Clustering​

Clustering is an important step in our process, designed to reduce the noise and make it easier to analyze the results by grouping similar articles and showing only one high-quality article from each group.

How does it work?

At the end of our pipeline, we retrieve articles discussing controversies for each company. The same controversy event could be covered in different articles by different sources, or in one article posted by multiple sources, resulting in duplicates. Our clustering models help us link multiple articles across languages corresponding to the same event, to avoid generating too many different outputs.

The idea is to:

  • Measure daily the similarity between articles mentioning the given company
  • Group articles with a similarity indicator greater than a given threshold in one cluster
  • Display only one article from each cluster.

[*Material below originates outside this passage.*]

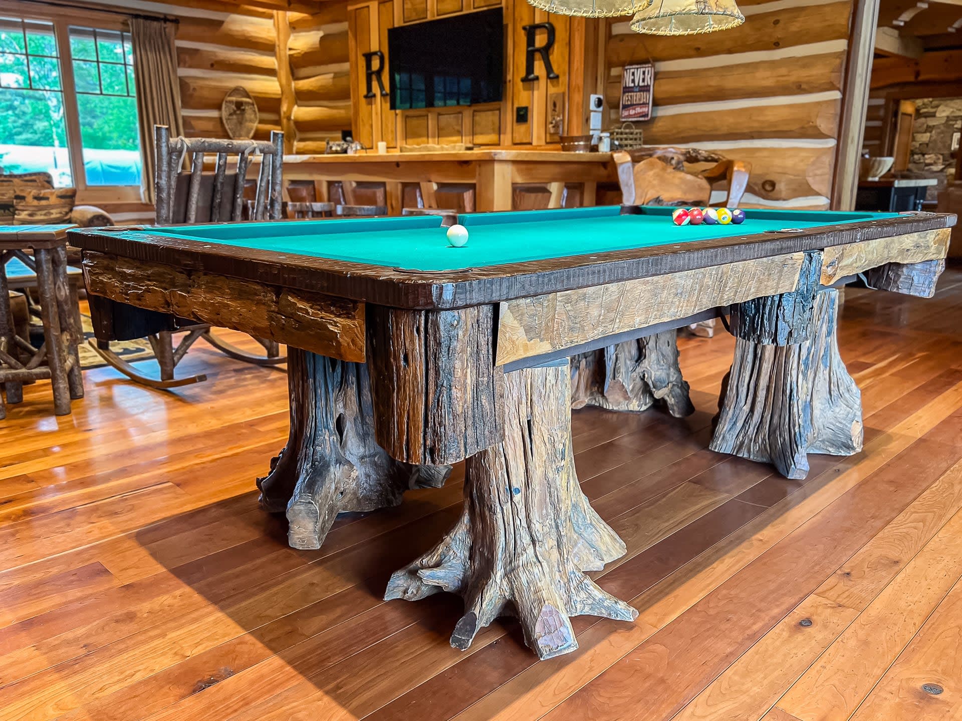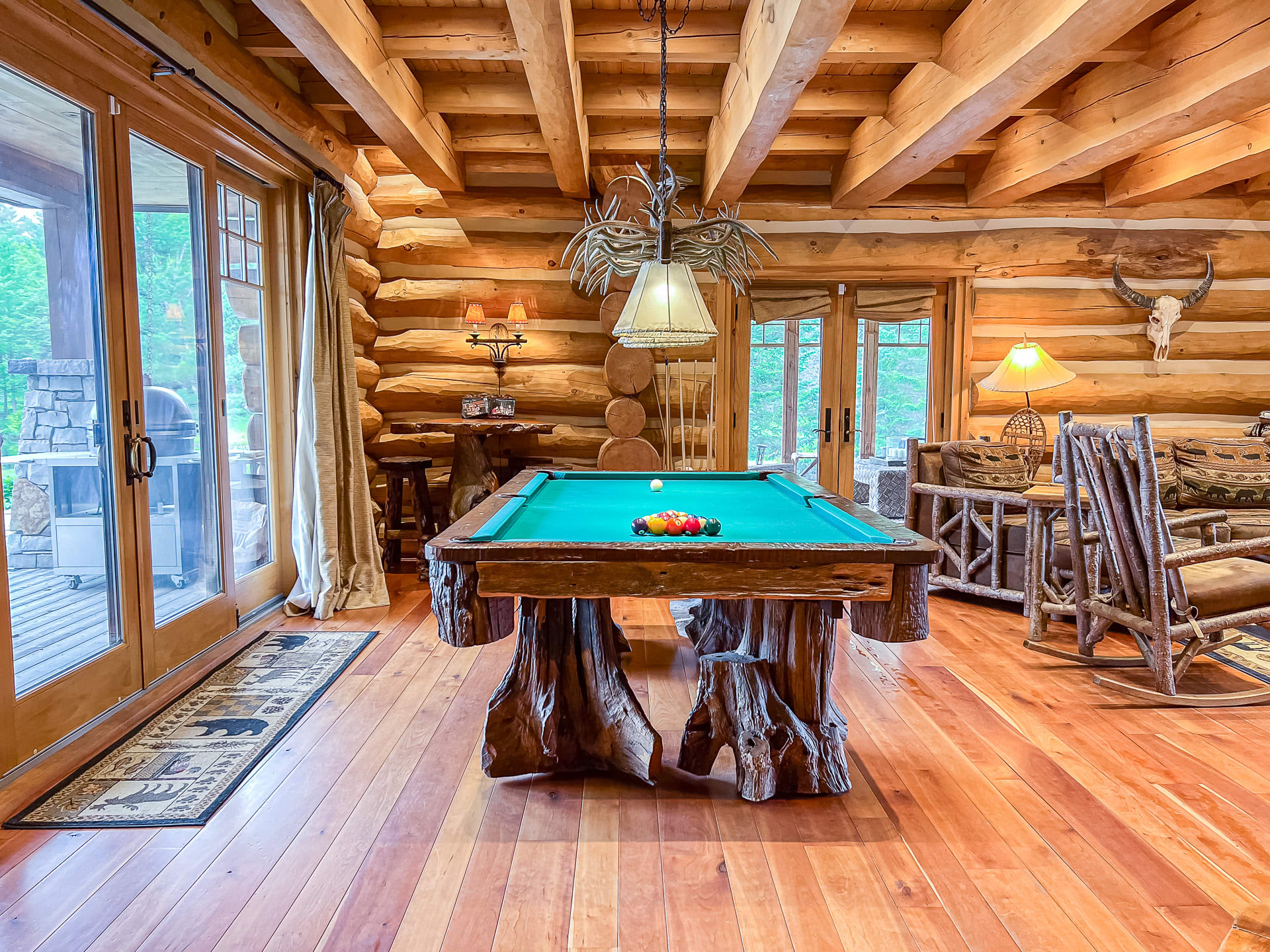 The layout is built for both entertaining and extended stays, featuring multiple bedrooms, generous gathering spaces, and a fully equipped chef’s kitchen. A dedicated games room with pool table, bar, and lounge area creates a private entertainment experience, while a bright sunroom offers a quieter space to unwind.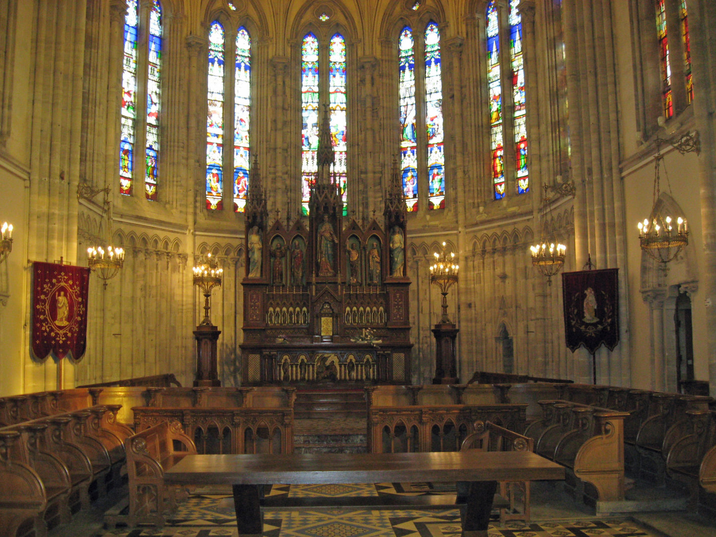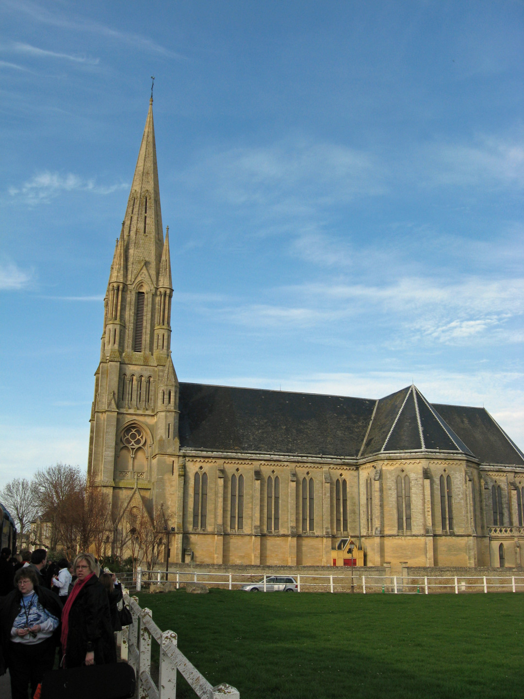We reshuffled the bus assignments to distribute some orchestra and choir students for each bus for the time in France. The buses loaded up at about 8:30AM, and we went to the other hotel to pick up the choir folks. We passed the canal with lots of boats docked near the other hotel. When everyone was loaded, we came back past our hotel and the horsetrack on our way to the Men's Abbey, founded by William the Conqueror.

The article chosen is the one with the best source reliability score and quality score, ensuring it is the most relevant.

To do this, we have two clusterings.

First Clustering: Jaccard Similarity

In the first clustering, we look for articles that are identical with a slight difference in the title. This case is handled by the Jaccard similarity between the titles.

Jaccard Similarity

Jaccard similarity is a measure of similarity between two sets of data, defined as the size of the intersection of the sets divided by the size of their union. In other words, it quantifies the amount of overlap between the two sets. The Jaccard similarity coefficient ranges between 0 and 1, where 0 indicates no overlap between the sets, and 1 indicates complete overlap (i.e., the sets are identical).

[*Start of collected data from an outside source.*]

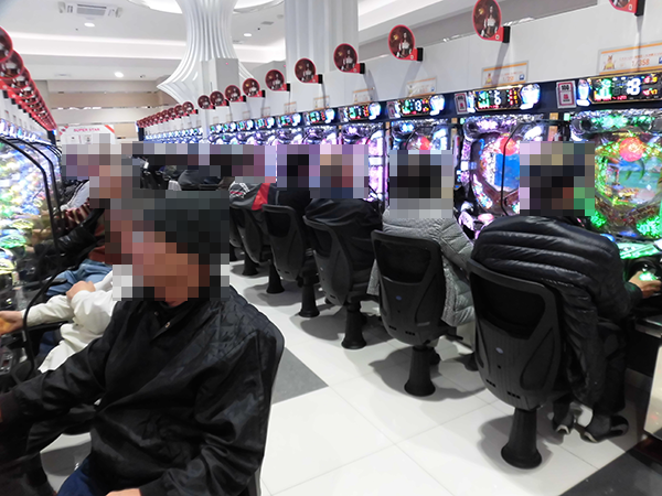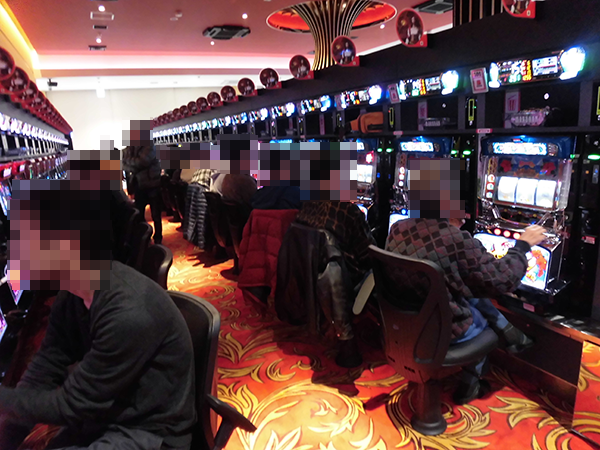 「パチスロ北斗の拳 強敵」や「バジリスク~甲賀忍法帖~絆」はフル稼働と大盛況。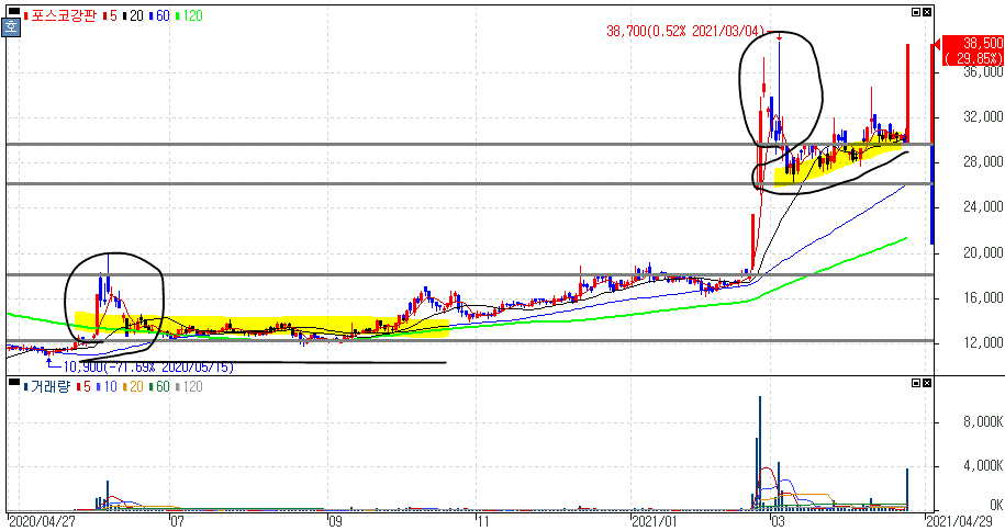 2021년 04월 22일 오늘의 상한가 종목 및 이유 :: 코리아에셋투자증권 크루셜텍 한화에스비아이스팩 포스코강판 이아이디 이트론 주가 외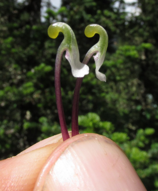 Кроме характера соцветия и длины цветоножек, что невозможно оценить на представленном фото, т.к. верхушки соцветия и старые соцветия по этому признаку не отличимы, отличаются и по форме шлема. Тут этот признак виден хорошо. У septentrionale высота шлема превышает диаметр суженной части в 3-5 раз, диаметр шлема примерно одинаковый по всей высоте, также высота шлема заметно и сильно превышает его ширину на уровне носика. Как раз случай обсуждаемого фото. А вот как выглядит шлем у leucostomum - особенно посмотрите на нижние развитые цветки. |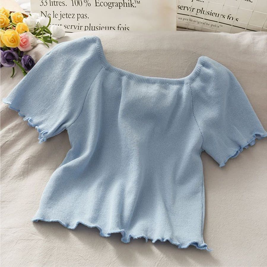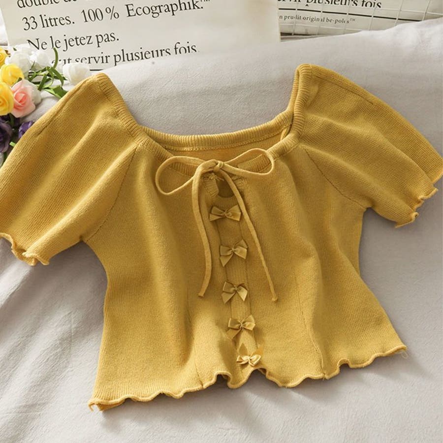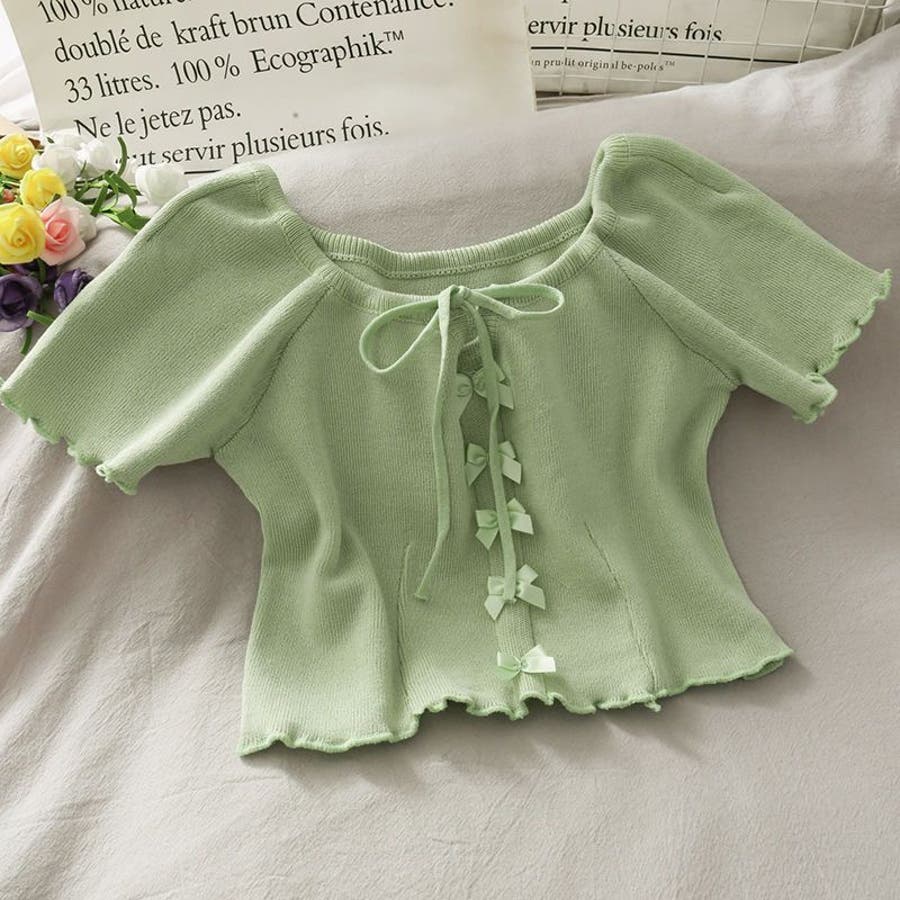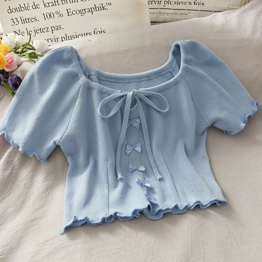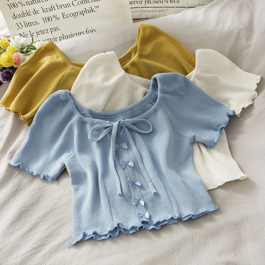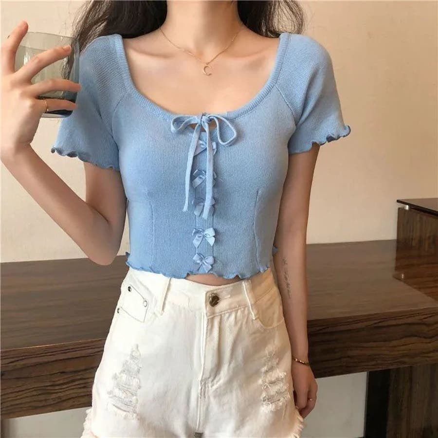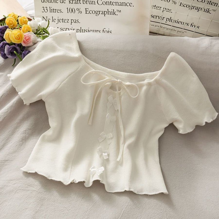 大人 カジュアル きれいめ 韓国ファッション 韓国コーデ Y2K オフィスカジュアル フェミニン ガーリー 半袖 サマーニット トップス 春服 夏服 秋服 10代 20代 30代 40代 春 夏 秋

Second Clustering: Semantic Clustering

After the first layer of clustering, which removes articles that have a lot of keywords in common, comes a second layer of clustering: semantic clustering. Semantic clustering relies on machine learning and can detect duplicates even if the articles employ different words or are in different languages.

Semantic clustering relies on two models, an embedding model and a clustering model. The embedding model calculates for each article a vector that is supposed to capture the meaning of the article. Two articles that treat the same topic will be close in the embedding space. Next, we use a clustering model to group the articles into clusters.